We count the number of such limit linear series. Denoting $d= g+1-a_0$ we observe that $\left\{ L_1(-a_0p_1), V_1(-a_0p_1)\right\} $ and $\left\{ L_2(-a_0p_2), V_2(-a_0p_2)\right\} $ are $g^1_d$’s having order $2d-g-1$ at $p_1$ and $p_2$ respectively.

Theorem A in [31] implies there are $(2d-g-1)\frac{g!}{d!(g-d+1)!}$ such $g^1_d$’s over a generic curve $[C,p] \in {\mathcal {M}}_{g,1}$. Consequently, we get in this way

$$\begin{aligned} \sum \limits _{d = \big \lceil {\frac{g+1}{2}}\big \rceil }^{g+1} \frac{(2d-g-1)^2}{(g+1)^2} \left( {\begin{array}{c}g+1\\ d\end{array}}\right) ^2 \end{aligned}$$

distinct limit linear series in $G^1_{g+1}([C_1\cup _{p_1\sim p_2}C_2])$. We can rewrite this sum as

$$\begin{aligned} \sum \limits _{d = \big \lceil {\frac{g+1}{2}}\big \rceil }^{g+1}\left[ \left( {\begin{array}{c}g\\ d\end{array}}\right) -\left( {\begin{array}{c}g\\ d-1\end{array}}\right) \right] ^2 = \frac{1}{2}\sum \limits _{d = 0}^{g+1}\left[ \left( {\begin{array}{c}g\\ d\end{array}}\right) -\left( {\begin{array}{c}g\\ d-1\end{array}}\right) \right] ^2 \end{aligned}$$

Using the Narayana-Catalan identity (cf. A46 in [48])

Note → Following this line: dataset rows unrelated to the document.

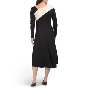 Brand New Color: Black/cream fabric provides stretch, color block detail, knit accents, soft and warm long sleeve, asymmetrical neckline, maxi dress 49in long, taken from size S pull on polyester/spandex imported hand wash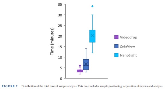 此篇文獻表明,準確且能有高度再現性的的測量會與樣本異質性和儀器偵測原理都有關聯。對於不同條件下外泌體 (EV) 濃度和濃度變化的研究較推薦使用 ZetaView,該儀器提供再現性更高的測量結果,並且只需要較少的重複實驗即可獲得化學合成奈米粒子、脂質體甚至是不同來源的 EV 大小和濃度分析。因此,由於軟體和硬體結構,相對於 NanoSight NS300,ZetaView 在連續稀釋的 EV 樣本中其數據更準確 (%BIAS範圍:2.7–8.5) ,也更精確 (%CV範圍:0.0–4.7)。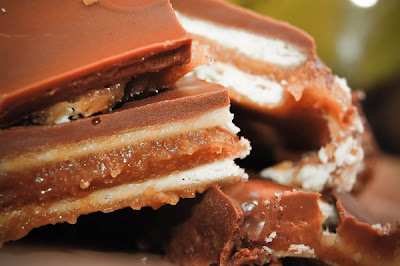 Bars Variation: If you don't have the time or patience to dip individual bars, you can make these into cookie squares instead. Spread the top of the caramel with the melted chocolate (you will probably use less of the chocolate, perhaps two-thirds of the original amount) and refrigerate it until set. Once firm, cut the pan into small squares to serve. Keep these candy squares refrigerated, otherwise the soft caramel will ooze out the sides and make a mess.
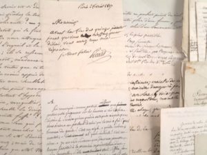 Louis-Benoit PICARD (1769-1829, dramaturge de l’Académie Française, Directeur de l’Académie Impériale de Musique) / Fort ensemble de lettres autographes signées, brouillons de lettres aut. sign., notes aut. d’appréciation d’acteurs lors d’audition, manuscrits aut. de pièces etc. (plus de 200 pages, tous formats)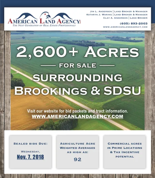 On behalf of the Edward Telkamp Family, American Land Agency, LLC is extremely proud to offer a once in a lifetime land sale involving 2,600+ prime acres surrounding Brookings, South Dakota and the South Dakota State University (SDSU) campus.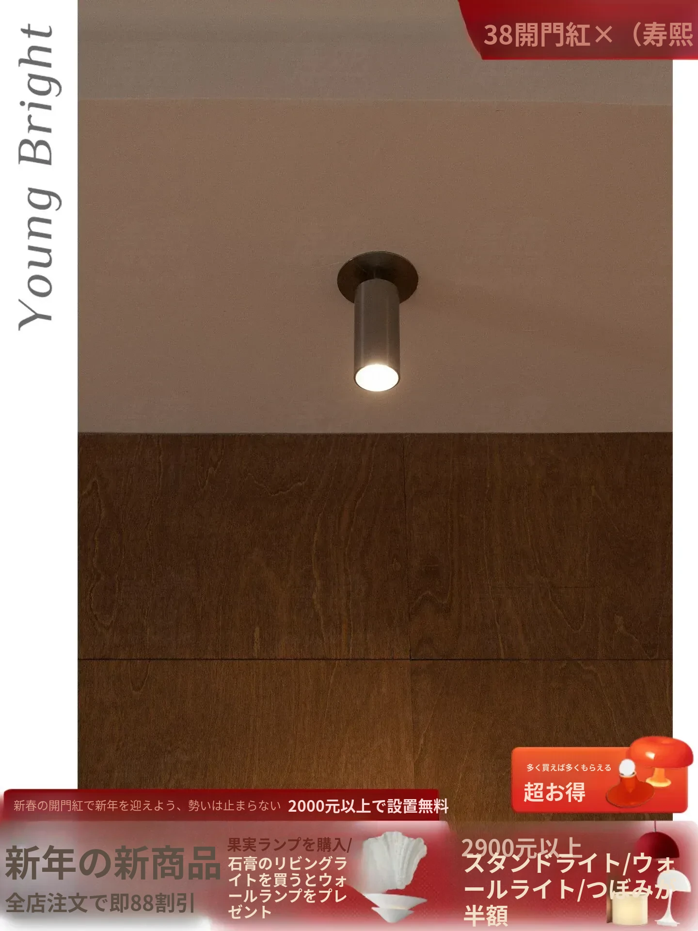 北欧風デザインの木目調ダラ天井ライト - モダンな寝室、書斎、玄関、廊下にぴったりのシンプルで洗練された照明。おしゃれで機能的な空間を演出します!

$$\begin{aligned} \sum \limits _{d=1}^g\left( {\begin{array}{c}g\\ d\end{array}}\right) \left( {\begin{array}{c}g\\ d-1\end{array}}\right) = \frac{g}{g+1} \left( {\begin{array}{c}2g\\ g\end{array}}\right) \end{aligned}$$

and the classical identity

$$\begin{aligned} \sum \limits _{d=0}^g \left( {\begin{array}{c}g\\ d\end{array}}\right) ^2 = \left( {\begin{array}{c}2g\\ g\end{array}}\right) \end{aligned}$$

we conclude that the cardinality of $G^1_{g+1}([C_1\cup _{p_1\sim p_2}C_2])$ is

$$\begin{aligned} \sum \limits _{d = \big \lceil {\frac{g+1}{2}}\big \rceil }^{g+1} \frac{(2d-g-1)^2}{(g+1)^2} \left( {\begin{array}{c}g+1\\ d\end{array}}\right) ^2 = \frac{1}{g+1}\left( {\begin{array}{c}2g\\ g\end{array}}\right) \end{aligned}$$

as required. $\square $

We remark that Theorem 4.1 is in stark contrast with the known results for the map $\chi _g:\overline{{\mathcal {R}}}_g\rightarrow \overline{{\mathcal {M}}}_{2\,g-1}$ for which we know that transversality with Brill–Noether loci is not always satisfied (see [2, Theorem 0.4] and [10, Theorem 1.4]).

Proof of Theorem 1.1

For $g\ge 22$, the existing literature implies that $\overline{{\mathcal {R}}}_{g,2}$ is of general type: We consider the chain of forgetful morphisms

$$\begin{aligned} \overline{{\mathcal {R}}}_{g,2} \rightarrow \overline{{\mathcal {M}}}_{g,2/{\mathbb {Z}}_2} \rightarrow \overline{{\mathcal {M}}}_g \end{aligned}$$

The first map is dominant with finite fibers. Then [49, Theorem 6.10] implies the following inequality of Kodaira dimensions

$$\begin{aligned} \kappa ( \overline{{\mathcal {R}}}_{g,2}) \ge \kappa (\overline{{\mathcal {M}}}_{g,2/{\mathbb {Z}}_2}). \end{aligned}$$

Hence if $\overline{{\mathcal {M}}}_{g,2/{\mathbb {Z}}_2}$ is of general type, then so is $\overline{{\mathcal {R}}}_{g,2}$. We look at the second map, whose general fiber is the second symmetric power of a generic curve C of genus g. We know that $\text {Sym}^2(C)$ is of general type for $g\ge 3$, see [47, Sect. 2]. The main result of [52] implies

$$\begin{aligned} \kappa (\overline{{\mathcal {M}}}_{g,2/{\mathbb {Z}}_2}) \ge \kappa (\text {Sym}^2(C)) + \kappa (\overline{{\mathcal {M}}}_g) = 2 + \kappa (\overline{{\mathcal {M}}}_g) \end{aligned}$$

In particular, if $\overline{{\mathcal {M}}}_g$ is of general type, then so is $\overline{{\mathcal {R}}}_{g,2}$. This is true for $g\ge 22$, see [23] and [25].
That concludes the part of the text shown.